Member of the Indiana House of Representatives from the 90th district
- In office 2010 – November 18, 2024
- Preceded by: Michael Murphy
- Succeeded by: Andrew Ireland

Member of the Indianapolis City-County Council from the 24th district
- In office 2004–2010
- Preceded by: Beulah Coughenhour
- Succeeded by: Jack Sandlin

Personal details
- Born: August 15, 1968 (age 57) Indianapolis, Indiana, U.S.
- Party: Republican
- Spouse: Amy
- Children: 3
- Education: Indiana University, Bloomington (BS) Indiana University, Indianapolis (JD)

= Mike Speedy =

American politician (born 1968)

Mike Speedy (born August 15, 1968) is a Republican state politician. In 2024, he was appointed by Governor Mike Braun to be the Secretary of Business Affairs for the state of Indiana. He is a former member of the Indiana House of Representatives representing the 90th district from 2010 to 2024. He previously served as an Indianapolis City Councilman for the 24th district from 2004 to 2010. The American Conservative Union has given him a lifetime Legislature score of 90%. He earned a BS from the Kelley School of Business and a JD from the Indiana University Robert H. McKinney School of Law.
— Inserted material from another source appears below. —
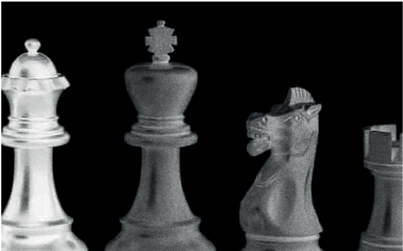
Abbildung 1 - Schachfiguren Staunton

Feldgröße: 5,7 auf 5,7 cm (im Maßstab 1:1*) d.h. 28,5cm auf 28,5cm im Maßstab 5:1

In 2024, Speedy announced he was running for the United States House of Representatives in Indiana's 6th congressional district after Greg Pence announced he would not seek re-election. He lost the primary election to former Indianapolis city councilor Jefferson Shreve.

==Political positions==

=== Abortion ===
Speedy does not support abortion in most circumstances, and has voted against exceptions for rape and incest.